Point-based methods directly work on the raw point clouds without excessive initialization transformation steps. However, when handling expansive point cloud scenes, the local nearest neighbor search is inevitably involved, which is computationally inefficient. Thus, there is still clearly room for improvement in point-based methods.
2.2. Voxel-Based Methods
Point clouds are regularly divided into 3D cubic voxels, and Voxel-based methods employ 3D convolution for the extraction of features. SEGCloud
[11] is one of the earlier methods for semantic segmentation based on voxel representation. In order to utilize 3D convolution efficiently and expand the receptive field, 3D sparse convolution
[12] is used in Minkowski CNN
[13], which reduces the computational complexity of convolution. In pursuit of higher segmentation accuracy, a neural architecture search (NAS) based model SPVNAS
[14] is proposed, which trades high computational cost for accuracy. In order to fit the spatial distribution of the LiDAR point clouds, a cylinder voxel division method is proposed in Cylinder3D
[15], which makes it obtain high accuracy. In order to streamline computations and enhance the intricacies of smaller instances, an attention-focused feature fusion module and an adaptive feature selection module are proposed by Cheng et al.
[16]. To improve the speed of voxel-based networks, a method of knowledge distillation from point to voxel is proposed in PVKD
[17] to achieve model compression.
High segmentation accuracy is typically achieved in voxel-based methods. However, 3D convolution is inevitably used, resulting in significant memory occupation and high computational consumption.

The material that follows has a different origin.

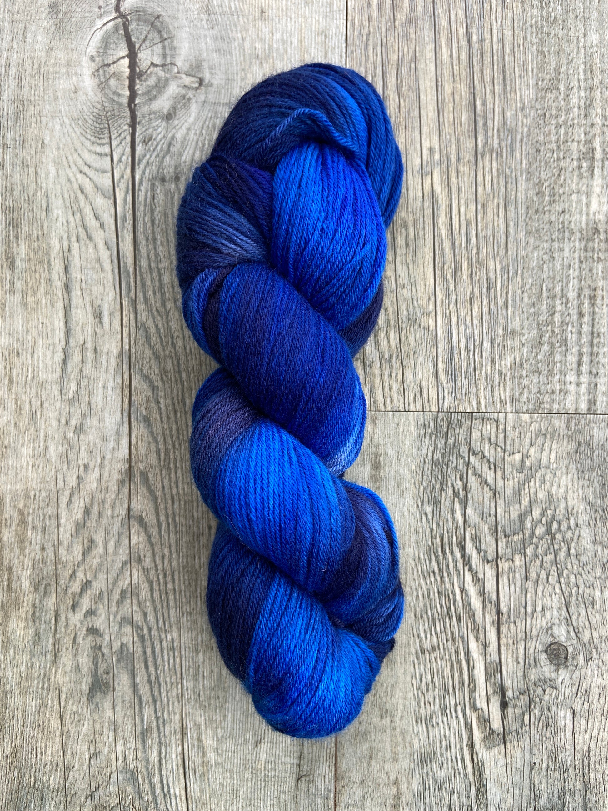Produced in super soft, New Merino, this yarn is delightful to work with and produces a beautiful mottled fabric with the predominant colour of blue.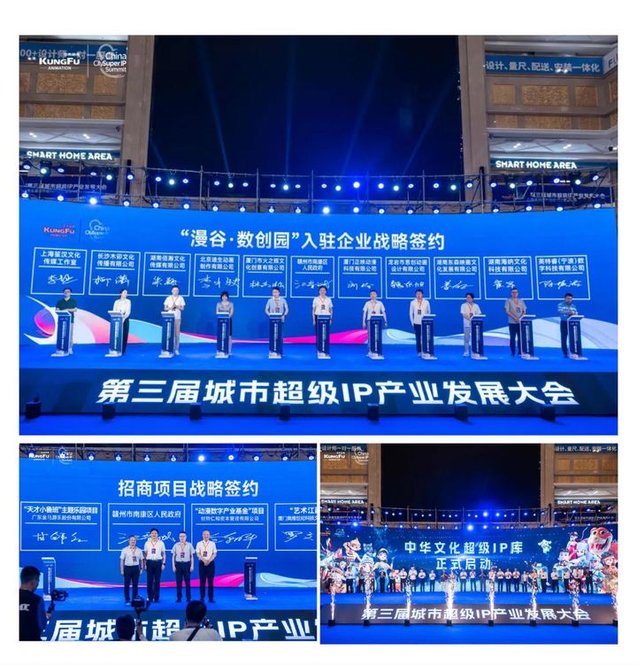 6月28日,第三屆城市超級IP產業(yè)發(fā)展大會在江西省贛州市南康家居小鎮(zhèn)成功舉辦。本屆大會是由江西省委宣傳部、江西省廣播電視局指導,贛州市人民政府主辦,贛州市南康區(qū)人民政府、功夫動漫股份有限公司承辦。特邀全國各地城市政府代表、知名企業(yè)高管、學術領域大咖等600余人。圍繞城市超級IP產業(yè)的創(chuàng)新發(fā)展,講好中國故事,傳播好中國聲音,助力中華文化動漫數(shù)字全產業(yè)鏈發(fā)展等主題進行了精彩的發(fā)言與對話,打破壁壘,直擊痛點,融合賦能,以政策解惑、產業(yè)實踐、科技創(chuàng)新助力各行各業(yè)把握趨勢、明晰本質、共創(chuàng)巔峰!

2.3. Projection-Based Methods
The basic concept behind projection-based methods is to transform point clouds into images that can undergo 2D convolution operations. The SqueezeSeg
[18][19][20] series of algorithms based on SqueezeNet
[21] perform semantic segmentation after projecting point clouds. RangeNet++
[22] implements semantic segmentation based on the backbone network of DarkNet53
[23], and a K-Nearest Neighbor (KNN) algorithm is proposed to improve segmentation accuracy. 3D-MiniNet
[24] is based on a lightweight backbone to build the network, achieving a faster speed. A polar BEV representation method is proposed in PolarNet
[1], which uses a simplified version of PointNet to encode the point clouds of each polar coordinate grid to obtain a pseudo image, and KNN post-processing operation is no longer needed. Peng et al.
[25] introduced a multi-attention mechanism to enhance the understanding of driving scenes, specifically focused on dense top-view semantic segmentation using sparse LiDAR data. SalsaNext
[26] introduced a new context module, which replaces the ResNet encoder blocks with a residual convolution stack that has increasing receptive fields. Additionally, it incorporated a pixel-shuffle layer into the decoder. MINet
[27] employed multiple paths with varying scales to effectively distribute computational resources across different scales. FIDNet-Point
[28] designed a fully interpolation decoding module that directly upsamples the multi-resolution feature maps using bilinear interpolation. CENet+KNN
[29] incorporated convolutional layers with larger kernel sizes, replacing MLP, and integrated multiple auxiliary segmentation heads into its architecture.
There are obvious advantages in computational complexity and speed in projection-based methods. Therefore, it is significant to improve the segmentation accuracy of projection-based methods for practical application in autonomous driving.